Work instructions: Leaving the pictures aside, repeat every line below exactly.

Data shown:
+---+
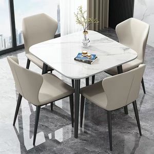 北欧輸入光沢のあるロックプレートダイニングテーブル正方形の小さなアパートカジュアルレセプション交渉テーブルネットワークホームダイニングテーブルの組み合わせ
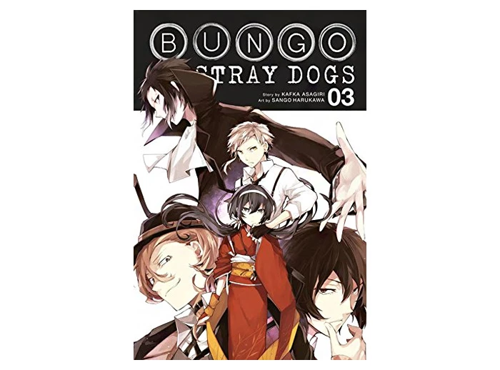 Ο τρίτος manga τόμος (Volume 3) από το Bungo Stray Dogs. Σενάριο Kafka Asagiri και σχέδιο από Sango Harukawa. Αγγλική έκδοση από την Yen Press.
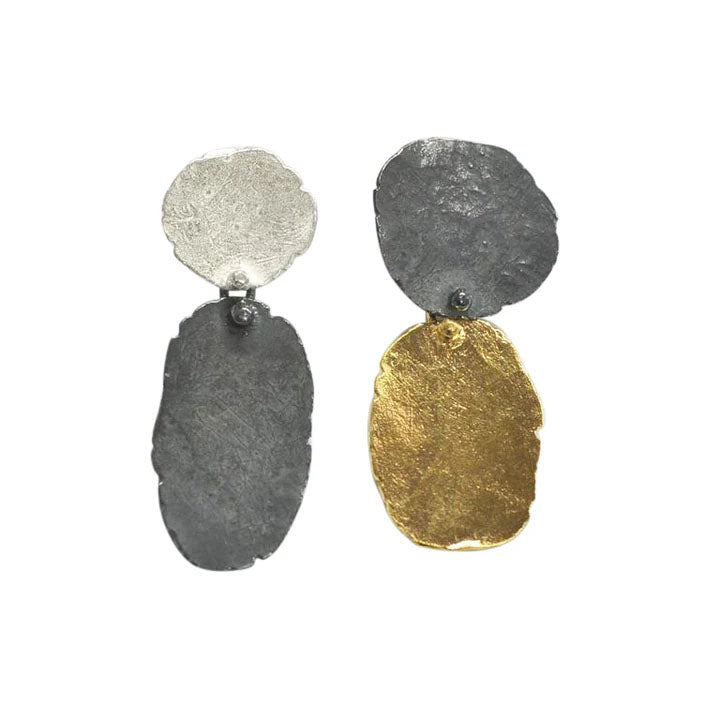 Asymmetric three colour drops finished in gold plated and oxidised silver.
+---+
Written solution:
 北欧輸入光沢のあるロックプレートダイニングテーブル正方形の小さなアパートカジュアルレセプション交渉テーブルネットワークホームダイニングテーブルの組み合わせ
 Ο τρίτος manga τόμος (Volume 3) από το Bungo Stray Dogs. Σενάριο Kafka Asagiri και σχέδιο από Sango Harukawa. Αγγλική έκδοση από την Yen Press.
 Asymmetric three colour drops finished in gold plated and oxidised silver.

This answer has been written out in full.